Mansfield Plantation is a well-preserved antebellum rice plantation, established in 1718 on the banks of the Black River in historic Georgetown County, South Carolina.

History
Spanning nearly  of pine forest, rice fields and cypress swamps, Mansfield Plantation was once one of the largest rice producing plantation in the country.  Mansfield, along with adjacent rice plantations up and down the Black River, provided much of Europe with "Carolina Gold" rice during the late 18th and early 19th centuries.  
Rice growing was made possible by:
 perfecting irrigation techniques using tidal water and manmade dykes.
 experimentation with natural fertilizers.
 most notably, African-American slave labor.

After the American Civil War, rice production became too expensive and soon the plantations fell into bankruptcy and were sold off to new owners.

Present day
Today, Mansfield Plantation is preserved as an authentic rice plantation, complete with the original plantation home, a school house, live oak avenue ("oak allée"), chapel, guest house, and grounds. It also has the only remaining winnowing barn in Georgetown County, where rice grains were processed for shipment.

Restoration
Undergoing restoration is a slave village of 7 slave cabins and a chapel.

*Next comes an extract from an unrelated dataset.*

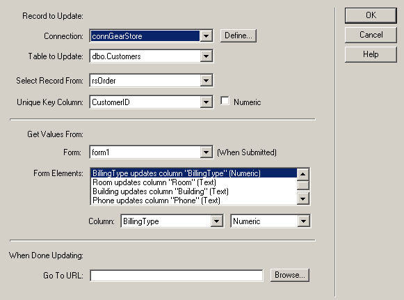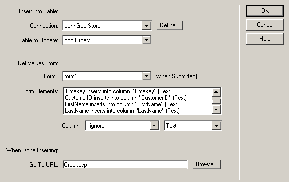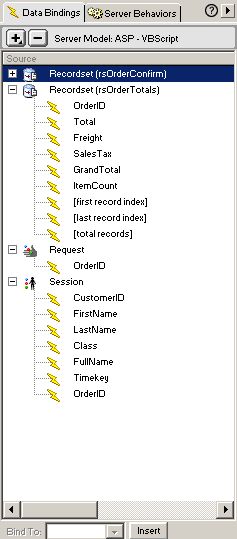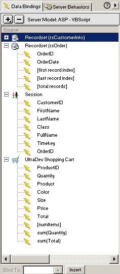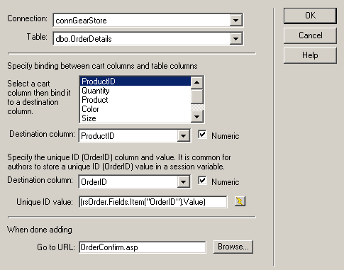The way the UltraCart code is written there must be an Insert or Update Record SB on the page that fires before you an run the Save Cart to Table SB. [Note: Rick Crawford's Access solution writes first to a dummy table to get the next OrderID. This is not the best approach in terms of database integrity. His SQL version does both through one stored procedure.] To get around his coding requirement we can Update the Customer table using the Update Record SB. This could be helpful for getting updates on new address, credit card, or shipping information. Now we can add the Save Cart to Table SB and select the appropriate fields in the OrderDetails table to insert data from the Cart. When you insert the Update Record SB UltraDev will put it at the top of the page. Move that code down so that it comes below the Recordset behaviors for rsOrder and rsCustomer info the page and so that it is still above the Save Cart to Table SB. If you don't do this move, your page won't work. We need to pass the newly generated OrderID into the OrderDetails table. Add a Hidden Field in the form called OrderID. Select the form element and the bind it to the value for OrderID returned from your rsOrders recordset. The other option is to set the OrderID as a Session variable using this code. Depending on which approach you use the recordsets on the OrderConfirmation.asp page will either take Request("OrderID") or Session("OrderID") as their Run-time parameters. We have two recordsets on the Orders page, one for the customer and the other for the orders. In order to properly do the update we need to make sure that UltraDev knows which recordset is our primary one. At the bottom of the page you will see a Hidden Field UltraDev generated by UltraDev. You need to make sure that the value of this field is set to Recordset.Field.Item("OrderID") Pressing the Complete Order button fires a number of actions: Update Customer Record SB and the Save Cart to Table SB. The one disadvantage to this approach is that if the customer aborts the order before pressing the Complete Order button a row has already been written into the Orders table but there will be no corresponding OrderDetails rows. Once I can decipher Rick Crawfords' stored procedure code I will move to a one-step stored procedure where Orders and OrderDetails gets written at the same time.

In 2009, the entire plantation underwent a privately funded, massive restoration project to keep its distinct history alive for generations to come.  It is said to be the only American plantation saved from development and reclaimed by a direct descendant of the original owners.

Media
Mansfield Plantation has been featured in numerous films, documentaries and television shows.  It served as the backdrop for scenes from Mel Gibson's 2000 film, The Patriot. In 2006, the Fox network filmed two segments of their primetime television series Treasure Hunters at Mansfield and the Fine Living Network filmed a documentary at Mansfield Plantation for their television series Windshield America.

See also
National Register of Historic Places listings in Georgetown County, South Carolina
Plantations in South Carolina

Gallery

References

External links 

Mansfieldplantation.com: Official Mansfield Plantation website
Mansfieldplantation.com: Interactive plantation map
Mansfield Plantation Photos & History
NPS.org: When Rice Was King —  a National Park Service Teaching with Historic Places (TwHP) lesson plan.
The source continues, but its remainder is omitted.